Много позже, узнав о том, что он умер, я поднял стакан и сказал:

– Лишь в чистом поле.

В тот момент я сидел в ресторане, один.

Тень его большого тутового дерева. Работали мы, как правило, на солнцепеке, потому на ум и приходит не дерево, а тень. Ее симметричная темная сущность, глубина и тишина – здесь он обстоятельно, неспешно рассказывал мне о прежних днях, покуда не наставало время вновь браться за тачки и мотыги. В неглубокую ложбину слетал ветерок и, ворвавшись в наше темное убежище, принимался шнырять вокруг. Сидеть бы так всегда, под тутовым деревом. Муравьи в траве карабкаются на зеленую верхотуру.

В архивах

Я ежедневно работал в уголке безымянного семиэтажного здания. Знал я там только одного человека, и тот держался отчужденно. Однажды он вошел в лифт вслед за мной и сказал: «Приветствую, Шерлок!» – так, словно имя и «приветствую» были согласованным паролем, а восклицательный знак, выраженный голосом, должен был успокоить человека, неожиданно обнаружившегося в таком месте. Высокий, по-прежнему в очках, с покатыми плечами и чем-то мальчишеским в облике, Артур Маккэш вышел на следующем этаже, и я тоже выглянул на секунду, посмотреть, как он уходит к какому-то кабинету. Я знал, как, наверное, очень немногие, что под белой рубашкой на животе у него – три или четыре глубоких шрама, вечные рытвины в белой коже.

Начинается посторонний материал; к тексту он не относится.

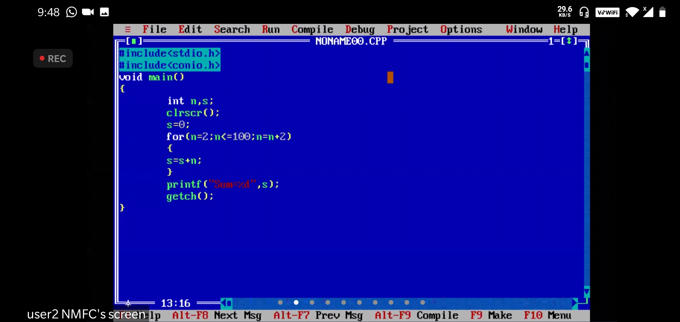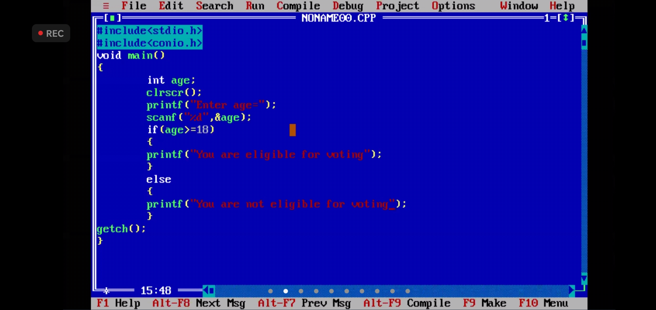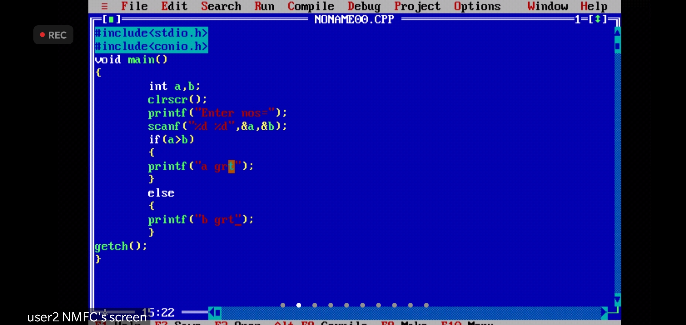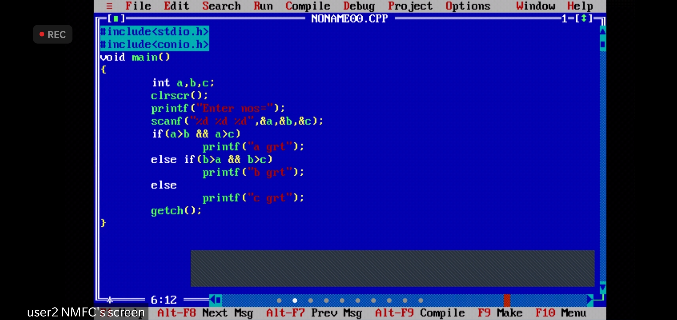 #include<stdio.h> #include<conio.h> void main() { int n1,n2,n3; clrscr(); printf("Enter numbers"); scanf("%d%d%d",&n1,&n2,&n3); if (n1 >= n2 && n1 >= n3) printf("%.2lf is the largest number.", n1); else if (n2 >= n1 && n2 >= n3) printf("%.2lf is the largest number.", n2); else printf("%.2lf is the largest number.", n3); return 0; }

Я приезжал в Лондон поездом и рабочую неделю жил в съемной однокомнатной квартире неподалеку от больницы Гая. Город понемногу оправлялся от разрухи, люди приводили свою жизнь в порядок. По субботам я возвращался в Суффолк. Я жил в двух мирах – и в двух эпохах. В городе я почти надеялся когда-нибудь увидеть голубой «Моррис» Стрелка. Я помнил воинственный гребешок на капоте, желтые поворотники, выпрастывавшиеся из дверей, словно уши грейхаундов на лету. Помнил, как Стрелок, словно чуткая сова, улавливал фальшивую ноту в моторе, шумы в его литровом сердце и сразу вылезал, снимал крышку клапанов, чтобы зачистить наждачной бумагой электроды свечей. «Моррис» был его порочной слабостью, и любая женщина, сидевшая с ним в машине, вынуждена была примириться с тем, что к машине он проявляет больше любви и заботы, чем к ней.

Но я не знал, по-прежнему ли у него этот «Моррис» и как самого его найти. Я зашел на Пеликан-Стэйрз, но оттуда он съехал. Единственным человеком, хорошо знавшим Стрелка, был подделыватель документов в Летчуорте, – я наведался туда, но и он исчез. На самом деле, я скучал по сборищам незнакомцев за нашим столом – они повлияли на нас с Рэчел сильнее, чем наши исчезнувшие родители. Где сейчас Агнес? Я не знал, как найти ее. Я пошел на квартиру к ее родителям, но их там уже не было. В ресторане Уордлс-Энда ее не помнили, в техникуме ее адреса не знали. Так что глаза мои постоянно были настороже – не мелькнет ли где голубой двухдверный «Моррис».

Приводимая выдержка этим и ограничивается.